– Их нужно, фигурально говоря, спеленать, – пояснила Лурдес. – Не повышать уровень стресса. Пусть сами тебе говорят, как им можно помочь.
С тех пор было много импровизированных палаток – целый палаточный городок, разбитый в разных районах Чикаго. Зи стала дипломированным специалистом, руководила собственной группой, проводила занятия для волонтеров. Прошла обучение на еще один сертификат по применению нового метода лечения посттравматического стресса, который включал в себя образные ряды и дыхательную гимнастику. Терпимой такую работу делало лишь одно: травмы, из которых состояла ее повседневная жизнь, не были ее травмами, что помогало отстраняться и сохранять дистанцию.
И тут позвонила Грир.
– Я уволилась, – произнесла она срывающимся голосом, что само по себе пугало и настораживало, потому что по понятиям Грир Фейт Фрэнк была человеком без страха и упрека. Но тут Грир еще и добавила сквозь слезы: – С Фейт мы расстались плохо. Совершенно мерзким образом.
– Ого. Что там произошло?
– Расскажу при встрече. Сложная история. – Грир высморкалась. – Я долго думала, что занимаюсь реальным полезным делом. Ты уже знаешь, что все давно катилось псу под хвост, интересных проектов было все меньше, но я старалась, как могла. А потом она попросила меня выступить на этой конференции, и ведь получилось замечательно, Зи, я так радовалась: один из тех моментов, которые определяют твою жизнь – помнишь, мы про них говорили?
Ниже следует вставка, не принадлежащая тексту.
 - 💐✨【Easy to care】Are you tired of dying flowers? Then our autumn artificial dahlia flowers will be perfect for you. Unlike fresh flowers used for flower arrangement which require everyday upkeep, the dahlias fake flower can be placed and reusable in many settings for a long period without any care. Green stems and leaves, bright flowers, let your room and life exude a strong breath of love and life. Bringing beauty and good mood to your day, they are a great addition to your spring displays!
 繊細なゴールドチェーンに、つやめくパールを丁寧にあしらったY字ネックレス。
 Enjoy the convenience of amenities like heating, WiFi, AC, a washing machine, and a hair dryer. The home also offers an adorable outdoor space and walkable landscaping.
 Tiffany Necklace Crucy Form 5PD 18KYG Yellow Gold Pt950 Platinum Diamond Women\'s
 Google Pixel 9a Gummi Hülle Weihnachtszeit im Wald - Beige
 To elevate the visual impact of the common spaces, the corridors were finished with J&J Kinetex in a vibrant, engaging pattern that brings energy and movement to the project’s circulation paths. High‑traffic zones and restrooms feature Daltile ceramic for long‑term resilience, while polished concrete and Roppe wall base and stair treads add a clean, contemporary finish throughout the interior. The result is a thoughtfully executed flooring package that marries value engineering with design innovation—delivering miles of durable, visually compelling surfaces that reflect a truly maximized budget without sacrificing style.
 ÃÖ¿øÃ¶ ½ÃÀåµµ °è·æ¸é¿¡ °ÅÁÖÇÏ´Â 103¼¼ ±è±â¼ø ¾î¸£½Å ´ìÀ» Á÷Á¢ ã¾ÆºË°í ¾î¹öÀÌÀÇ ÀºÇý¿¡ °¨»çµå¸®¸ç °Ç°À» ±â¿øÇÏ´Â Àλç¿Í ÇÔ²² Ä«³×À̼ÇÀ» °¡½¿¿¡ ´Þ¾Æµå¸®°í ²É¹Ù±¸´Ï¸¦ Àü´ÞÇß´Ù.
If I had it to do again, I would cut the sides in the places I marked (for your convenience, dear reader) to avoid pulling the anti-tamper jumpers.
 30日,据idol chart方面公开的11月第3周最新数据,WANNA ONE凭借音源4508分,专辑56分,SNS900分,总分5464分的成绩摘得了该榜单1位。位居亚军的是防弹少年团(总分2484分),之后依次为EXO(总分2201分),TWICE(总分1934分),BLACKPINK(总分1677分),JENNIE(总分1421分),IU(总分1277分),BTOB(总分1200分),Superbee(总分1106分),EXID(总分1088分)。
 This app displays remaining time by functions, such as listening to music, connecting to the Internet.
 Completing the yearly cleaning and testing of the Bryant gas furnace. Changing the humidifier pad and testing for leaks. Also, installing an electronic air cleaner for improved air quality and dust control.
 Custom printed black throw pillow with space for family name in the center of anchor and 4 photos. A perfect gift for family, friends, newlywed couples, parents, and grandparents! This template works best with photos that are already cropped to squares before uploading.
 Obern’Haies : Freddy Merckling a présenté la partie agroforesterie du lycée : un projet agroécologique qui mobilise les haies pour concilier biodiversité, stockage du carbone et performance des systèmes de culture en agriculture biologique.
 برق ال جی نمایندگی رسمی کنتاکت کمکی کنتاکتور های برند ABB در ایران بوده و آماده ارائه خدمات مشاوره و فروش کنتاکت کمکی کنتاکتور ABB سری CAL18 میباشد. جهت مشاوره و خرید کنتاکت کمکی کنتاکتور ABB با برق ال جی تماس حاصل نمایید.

А оказалось, все не так. «Шрейдер-капитал» облажался, а Фейт совершенно спокойно закрыла на это глаза: типа, дело есть дело. Я ведь даже мясо ее ела, – добавила она. – И не раз.
– В каком смысле ты ела ее мясо?
– Забудь, неважно.
– Что ты собираешься делать дальше? – осведомилась Зи.
– Понятия не имею.
– Приезжай в Чикаго. – Зи не сразу вспомнила, что планировала на выходные: в любом случае, как-нибудь разберется, попросит кого-то из коллег ее подменить. Работа ее вообще требовала необычайной гибкости, поскольку беды редко приключаются по расписанию.
За годы работы Зи свела время переключения с одного на другое практически к нулю. Ей могли позвонить, когда она крепко спала, – и голос ее все равно звучал бодро. Она могла сесть за руль, все еще мокрая после душа. Иногда ее будили на заре, и она прыгала в поезд (небо все еще было оптимистично-розовым) и отправлялась на место убийства или самоубийства, на пожар, туда, где царили ужас и хаос. Случалось ей ехать на работу посреди ночи, а по окончании смены она чувствовала такой страшный голод, что отыскивала одно из тех местечек, где собираются в перерывах копы, присаживалась среди мужчин и женщин в форме, заказывала яичницу, картошку и пропитанный маслом тост – в надежде вытеснить из головы только что увиденное.